8

when creating a set:

>>> falsey_set = {0, '', False, None}  # set([False, '', None])
>>> falsey_set = {False, '', 0, None}  # set([0,'', None])
>>> # adding an item to the set doesn't change anything either
>>> falsey_set.add(False)  # set([0,'',None])

or a dictionary, which mimics the behavior somewhat:

>>> falsey_dict = {0:"zero", False:"false"}  # {0:'false'}  # that's not a typo
>>> falsey_dict = {False:'false', 0:'zero'}  # {False: 'zero'} # again, not a typo
>>> falsey_set.add(())  # set([0,'', None, ()])
>>> falsey_set.add({})  
Traceback (most recent call last):
  File "<stdin>", line 1, in <module>
TypeError: unhashable type: 'dict'
>>> falsey_dict[()] = 'list'  # {False:'zero', ():'list'}
>>> falsey_dict({}) = 'dict'
Traceback (most recent call last):
  File "<stdin>", line 1, in <module>
TypeError: unhashable type: 'dict'

0 and False always remove one another from the set. In the case of dictionaries they are incorrect altogether. Is there a reason for this? While I realize that booleans are derived from integers in Python. What's the pythonic reasoning for acting this way in the context of sets specifically (I don't care about dictionaries too much)?

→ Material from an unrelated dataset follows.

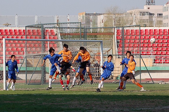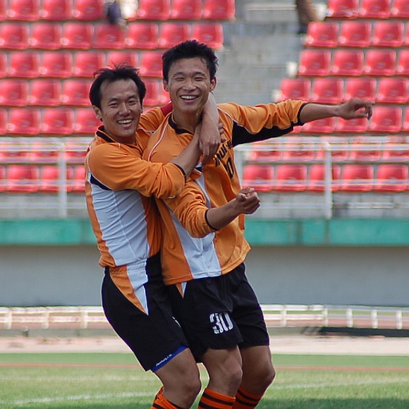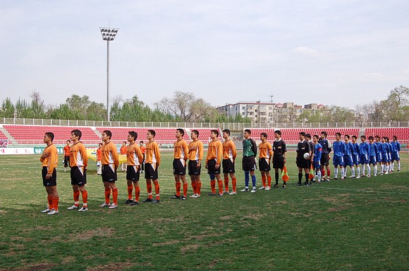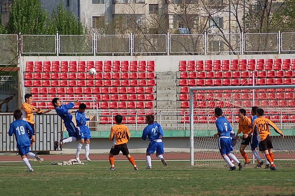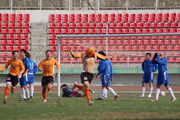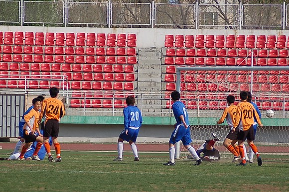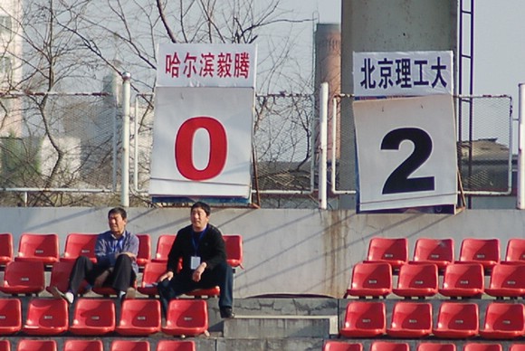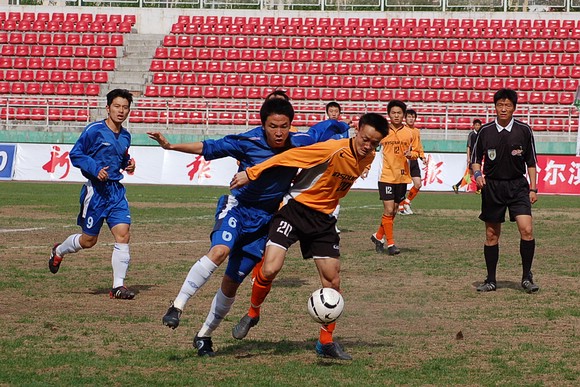 5月20日下午3:00,全國(guó)職業(yè)足球乙級(jí)聯(lián)賽第三輪比賽在哈爾濱工業(yè)大學(xué)體育場(chǎng)舉行,由我校足球隊(duì)(橙色球衣)客場(chǎng)迎戰(zhàn)哈藥毅騰隊(duì)(藍(lán)色球衣)。哈藥毅騰隊(duì)隊(duì)員大部分都是來(lái)自大連的職業(yè)球員,其中包括兩名重金引進(jìn)的中超球員,今年聯(lián)賽開(kāi)賽之前就已經(jīng)定下了沖甲的目標(biāo)。

Since while useful in truthy comparison like:

>>> False == 0  # True

There is obvious value in differentiation:

>>> False is 0  # False

I've been looking over the documentation and can't seem to find a reference for the behavior

Update

@delnan I think you hit the nail on the head with hash determinism you've mentioned in the comments. As @mgilson notes both False and 0 use the same hashing function, however so do object and many of its subclasses (i.e.:super) that have identical hash functions. The key seems to be in the phrase Hashable objects which compare equal must have the same hash value from the documentation. Since, False == 0 and and both are hashable, their outputs must by Python's definition be equivalent. Finally, the definition of hashable states how sets use hashability in set membership with the following: Hashability makes an object usable as a dictionary key and a set member, because these data structures use the hash value internally. While I still don't understand why they both use the same hashing function - I can settle with going this deep.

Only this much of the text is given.